[Data for analysis]
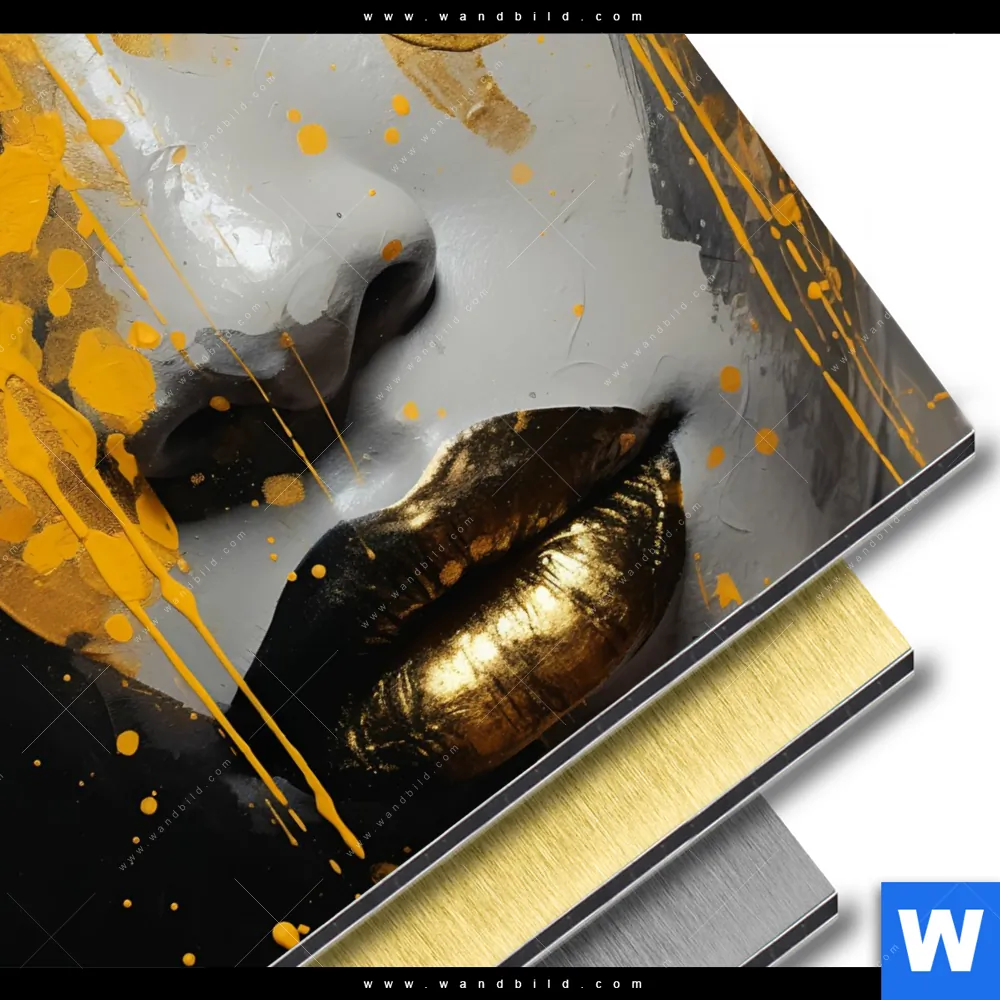 Alu-Dibond Bild | Frau mit Goldfarbe | Quadrat
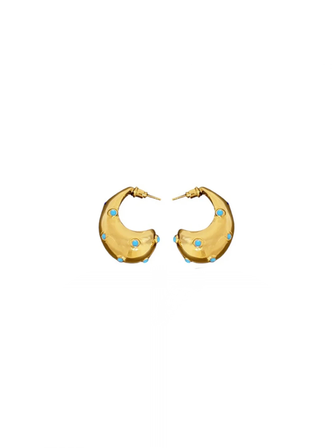 Introducing the exquisite B.O Inoui Turquoise Earrings from Jessica K, where elegance meets sophistication. Crafted from high-quality metals, these stunning earrings feature a curved design adorned with gold accents and delicate turquoise dots. The intricate detailing and unique design make these ... Read more earrings a standout accessory, perfect for adding a touch of glamour to any outfit. Whether you're dressing up for a special occasion or adding a hint of luxury to your everyday look, the B.O Inoui Turquoise Earrings are sure to turn heads and make a statement.
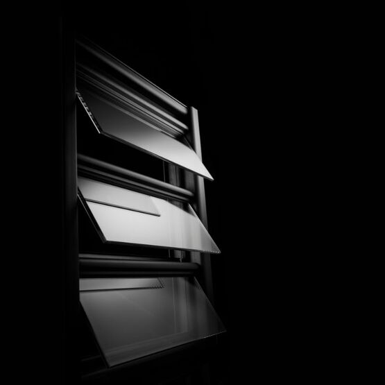 Personnalisables, ces jalousies aluminium sont proposées dans toutes les teintes RAL avec une finition thermolaquée et dans des dimensions maximales de 2015 mm en hauteur et 1500 mm en largeur. L’ensemble est proposé sur des dormants latéraux de 70 mm d’épaisseur.
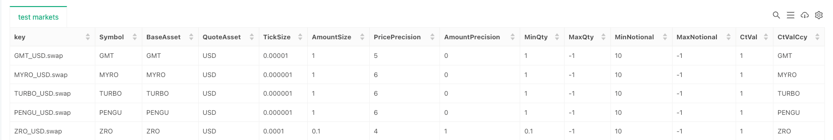 "key", "Symbol", "BaseAsset", "QuoteAsset", "TickSize", "AmountSize", "PricePrecision", "AmountPrecision", "MinQty",
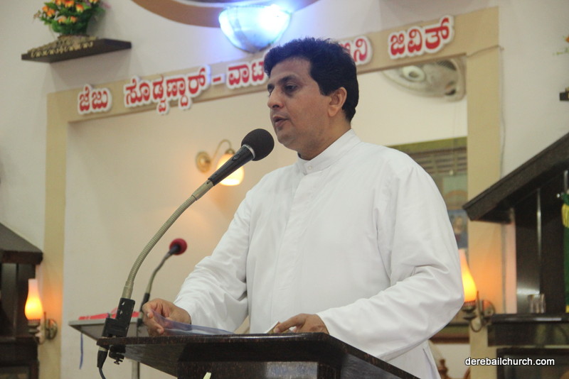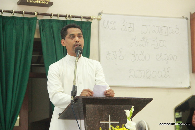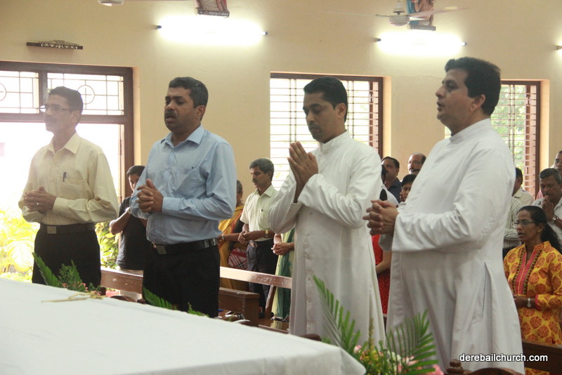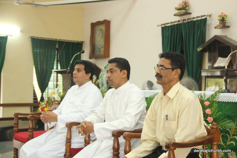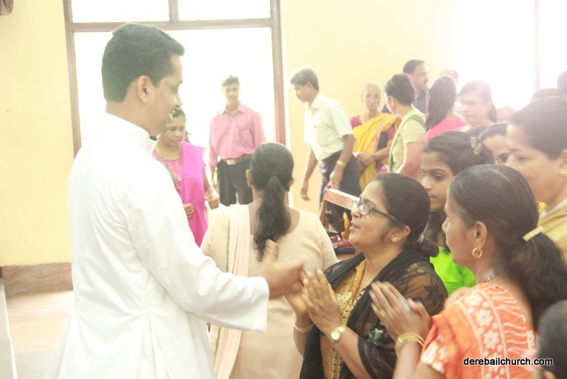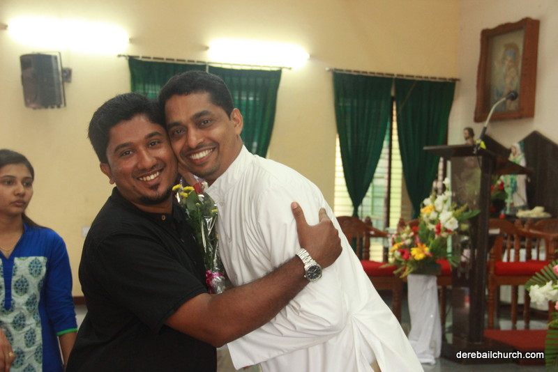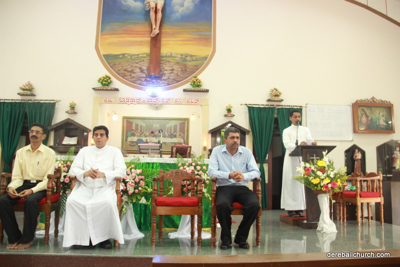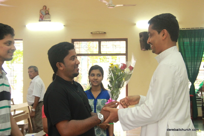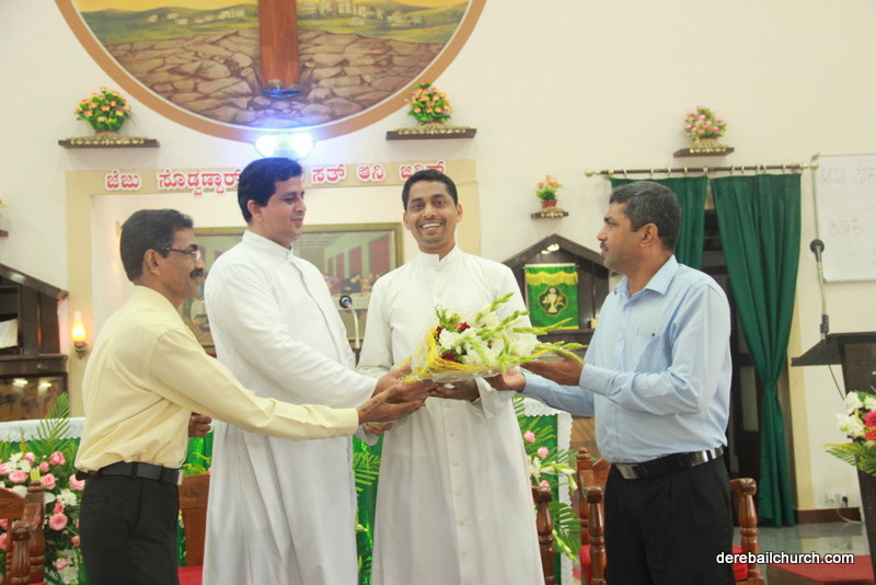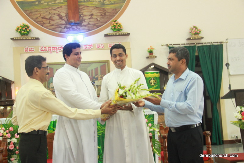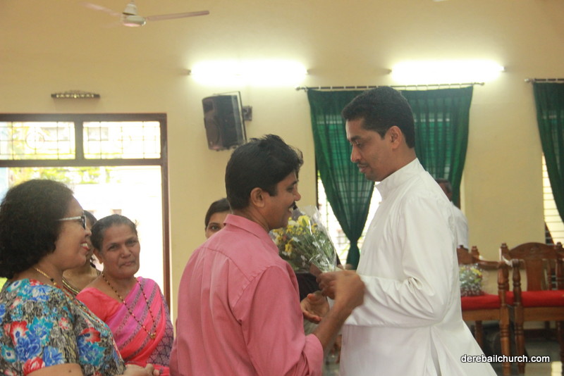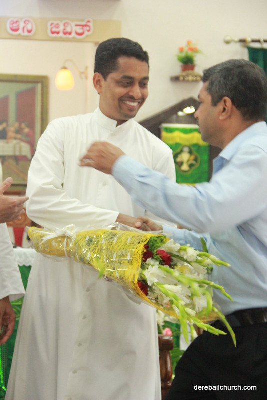 Fr. Anil, the Assistant Parish Priest of Derebail Parish was given a sendoff by the parish on 6th of June, 2016. The farewell programme was held after the 7 AM mass. The new Parish Priest, Rev Fr Austin Peter Peres were also present along with Vice President of Pastorial Council, Mr. Anil Patrao, Secretary Mr. Edward Coelho. Vice President spoke a few words about the service rendered by Fr. Anil in the past 1 year. Then Fr. Austin Peres wished him good luck and blessed future to Fr. Anil. Later Father Anil thanked all the people who helped him serve the parish and also mentioned about how parishioners supported him during the sudden demise of Fr. Joseph. Later the, Fr. Anil gave his blessings and people gathered to wish him.
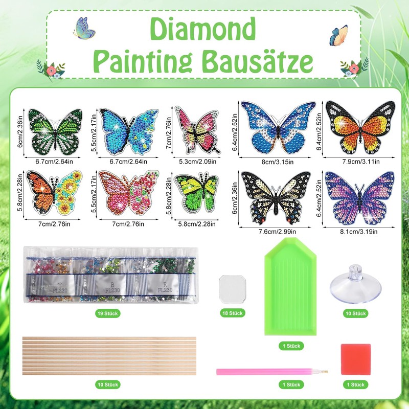 - Package contents: the diamond art set contains 10 pieces butterfly diamonds, 10 pieces 31 cm long bamboo sticks, 10 pieces suction cups and 18 pieces double-sided stickers, 1 piece diamond pen, 1 piece clay glue and 19 packs of colourful diamonds
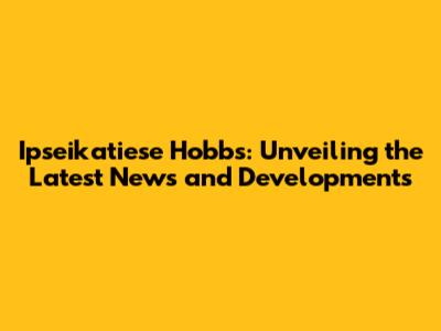 Ipseikatiese Hobbs: Breaking News And Latest Updates
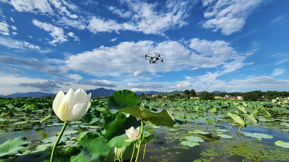 ↑2023年7月5日,植保无人机在湖南省常宁市板桥镇莲藕种植基地进行飞防作业,为全年丰产丰收夯实基础。新华社发(周秀鱼春摄)
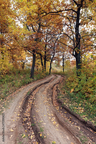 Naklejka premium dirt road in autumn forest
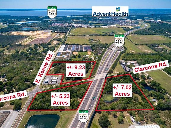 7.03 ACRE COMMERCIAL C-C PARCEL IN APOPKA FOR SALE. (4.67 Net usable acres) with a beautiful pond on the property which would be beautiful for Senior Living, Assisted Living, etc. This parcel Is perfect for your business and w/in 2 MILES of the NEW ADVENT HEALTH HOSPITAL APOPKA (Near Keene Road and Ocoee Apopka Road) Your business signage will have exposure from SR 414 Maitland Blvd. Expressway to SR 429. This parcel is ideally located near a High Traffic RED LIGHT INTERSECTION of Keene Road & Clarcona Rd, near the NEW BP GAS STATION & CIRCLE K CONVENIENT STORE also W/IN 1/4 MILE FROM THE ON/OFF RAMP (EXIT 6) OF SR 414 Via KEENE RD & MAITLAND INTERSECTION. This C-C Parcel is zoned for MEDICAL & PROFESSIONAL OFFICES, ASSISTED LIVING, SENIOR LIVING, DAYCARE, RETAIL, SHOWROOM, POST OFFICE, THEATER, BANK, RESTAURANT, much needed DRIVE THRU FAST FOOD, or MULTI-FAMILY UNITS, MOTEL, STORAGE, The City of Apopka is open to many uses! The seller also has 2 OTHER PARCELS FOR SALE located across the street (MLS# o5708365, o5703803) The WEST ORANGE BIKE TRAIL is located directly along this property. Sellers other 9.23 ACRE PROPERTY IS FOR SALE. UTILITIES & WATER ARE LOCATED ON THE SITE! These properties are located In the "City Of Apopka," which is the 2nd largest city in Orange County. There is incredible amount of Residential Growth & development near this site & has become such a demand area! Seller already has Phase 1 environmental studies, Survey, Boundary & topographic survey, just needs to be updated
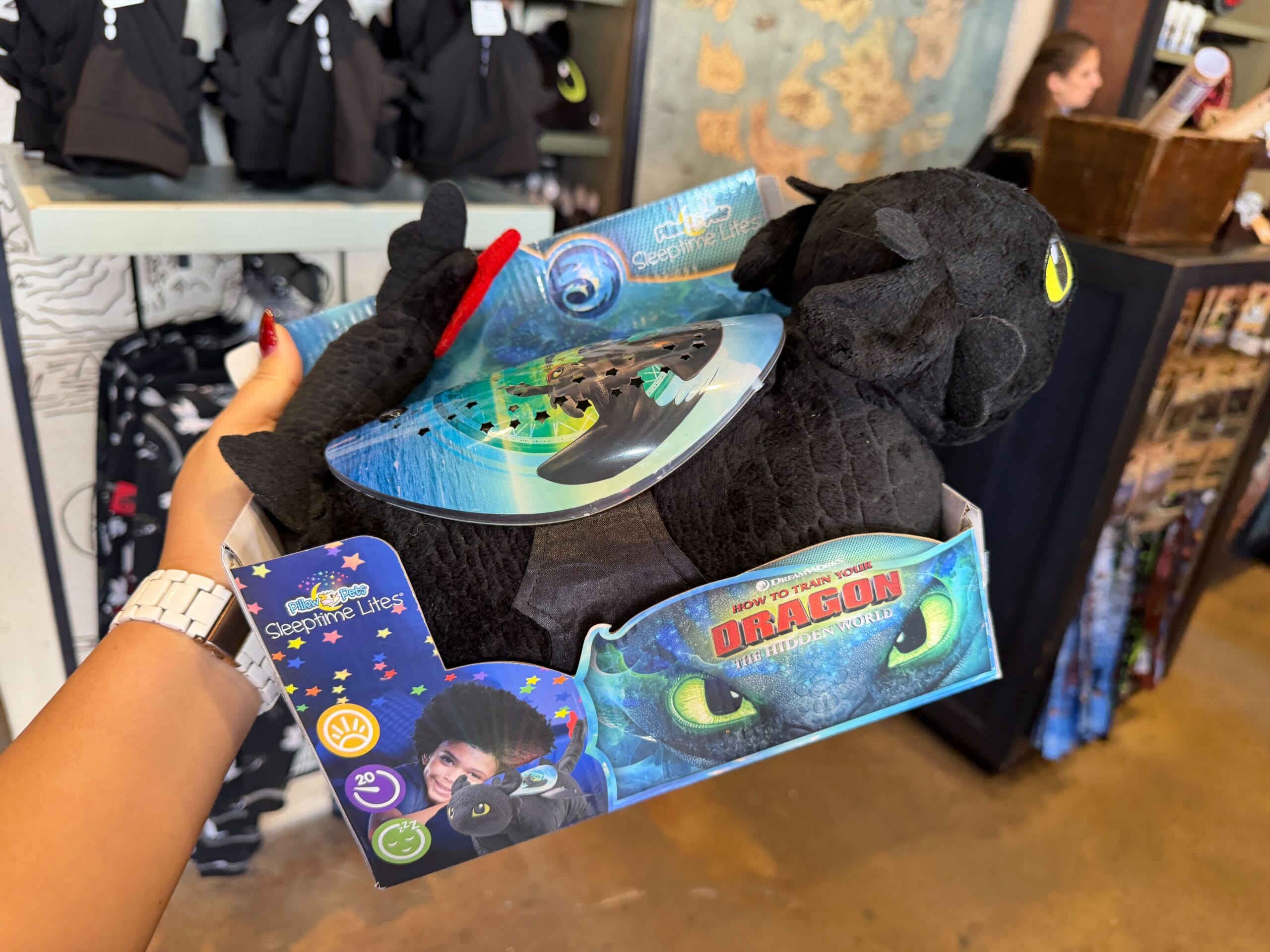 A new combination night light and pillow pet, Toothless is now available at Universal Orlando Resort. We found this item at Islands of Adventure. Toothless Sleeptime Lite – $40 The Toothless Pillow Pet Sleeptime Lite is a plush pillow with colorful lights that will shine on a room’s ceiling or wall. It has three modes and can be set to turn off with a 20 minute sleep timer....
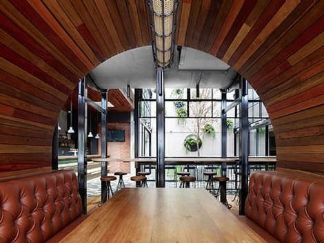 Melbourne-based Techne Architects recently completed the renovation of the facade and concept design of the Prahran Hotel pub. The project included the inventive use of 17 concrete drain pipes, which are now featured in the structure’s facade, interior gardens and dining booths.
[/Data for analysis]
* [The problem] Skipping any images, write out all the data exactly.

* [Reply to the exercise]
 Alu-Dibond Bild | Frau mit Goldfarbe | Quadrat
 Introducing the exquisite B.O Inoui Turquoise Earrings from Jessica K, where elegance meets sophistication. Crafted from high-quality metals, these stunning earrings feature a curved design adorned with gold accents and delicate turquoise dots. The intricate detailing and unique design make these ... Read more earrings a standout accessory, perfect for adding a touch of glamour to any outfit. Whether you're dressing up for a special occasion or adding a hint of luxury to your everyday look, the B.O Inoui Turquoise Earrings are sure to turn heads and make a statement.
 Personnalisables, ces jalousies aluminium sont proposées dans toutes les teintes RAL avec une finition thermolaquée et dans des dimensions maximales de 2015 mm en hauteur et 1500 mm en largeur. L’ensemble est proposé sur des dormants latéraux de 70 mm d’épaisseur.
 "key", "Symbol", "BaseAsset", "QuoteAsset", "TickSize", "AmountSize", "PricePrecision", "AmountPrecision", "MinQty",
 Fr. Anil, the Assistant Parish Priest of Derebail Parish was given a sendoff by the parish on 6th of June, 2016. The farewell programme was held after the 7 AM mass. The new Parish Priest, Rev Fr Austin Peter Peres were also present along with Vice President of Pastorial Council, Mr. Anil Patrao, Secretary Mr. Edward Coelho. Vice President spoke a few words about the service rendered by Fr. Anil in the past 1 year. Then Fr. Austin Peres wished him good luck and blessed future to Fr. Anil. Later Father Anil thanked all the people who helped him serve the parish and also mentioned about how parishioners supported him during the sudden demise of Fr. Joseph. Later the, Fr. Anil gave his blessings and people gathered to wish him.
 - Package contents: the diamond art set contains 10 pieces butterfly diamonds, 10 pieces 31 cm long bamboo sticks, 10 pieces suction cups and 18 pieces double-sided stickers, 1 piece diamond pen, 1 piece clay glue and 19 packs of colourful diamonds
 Ipseikatiese Hobbs: Breaking News And Latest Updates
 ↑2023年7月5日,植保无人机在湖南省常宁市板桥镇莲藕种植基地进行飞防作业,为全年丰产丰收夯实基础。新华社发(周秀鱼春摄)
 Naklejka premium dirt road in autumn forest
 7.03 ACRE COMMERCIAL C-C PARCEL IN APOPKA FOR SALE. (4.67 Net usable acres) with a beautiful pond on the property which would be beautiful for Senior Living, Assisted Living, etc. This parcel Is perfect for your business and w/in 2 MILES of the NEW ADVENT HEALTH HOSPITAL APOPKA (Near Keene Road and Ocoee Apopka Road) Your business signage will have exposure from SR 414 Maitland Blvd. Expressway to SR 429. This parcel is ideally located near a High Traffic RED LIGHT INTERSECTION of Keene Road & Clarcona Rd, near the NEW BP GAS STATION & CIRCLE K CONVENIENT STORE also W/IN 1/4 MILE FROM THE ON/OFF RAMP (EXIT 6) OF SR 414 Via KEENE RD & MAITLAND INTERSECTION. This C-C Parcel is zoned for MEDICAL & PROFESSIONAL OFFICES, ASSISTED LIVING, SENIOR LIVING, DAYCARE, RETAIL, SHOWROOM, POST OFFICE, THEATER, BANK, RESTAURANT, much needed DRIVE THRU FAST FOOD, or MULTI-FAMILY UNITS, MOTEL, STORAGE, The City of Apopka is open to many uses! The seller also has 2 OTHER PARCELS FOR SALE located across the street (MLS# o5708365, o5703803) The WEST ORANGE BIKE TRAIL is located directly along this property. Sellers other 9.23 ACRE PROPERTY IS FOR SALE. UTILITIES & WATER ARE LOCATED ON THE SITE! These properties are located In the "City Of Apopka," which is the 2nd largest city in Orange County. There is incredible amount of Residential Growth & development near this site & has become such a demand area! Seller already has Phase 1 environmental studies, Survey, Boundary & topographic survey, just needs to be updated
 A new combination night light and pillow pet, Toothless is now available at Universal Orlando Resort. We found this item at Islands of Adventure. Toothless Sleeptime Lite – $40 The Toothless Pillow Pet Sleeptime Lite is a plush pillow with colorful lights that will shine on a room’s ceiling or wall. It has three modes and can be set to turn off with a 20 minute sleep timer....
 Melbourne-based Techne Architects recently completed the renovation of the facade and concept design of the Prahran Hotel pub. The project included the inventive use of 17 concrete drain pipes, which are now featured in the structure’s facade, interior gardens and dining booths.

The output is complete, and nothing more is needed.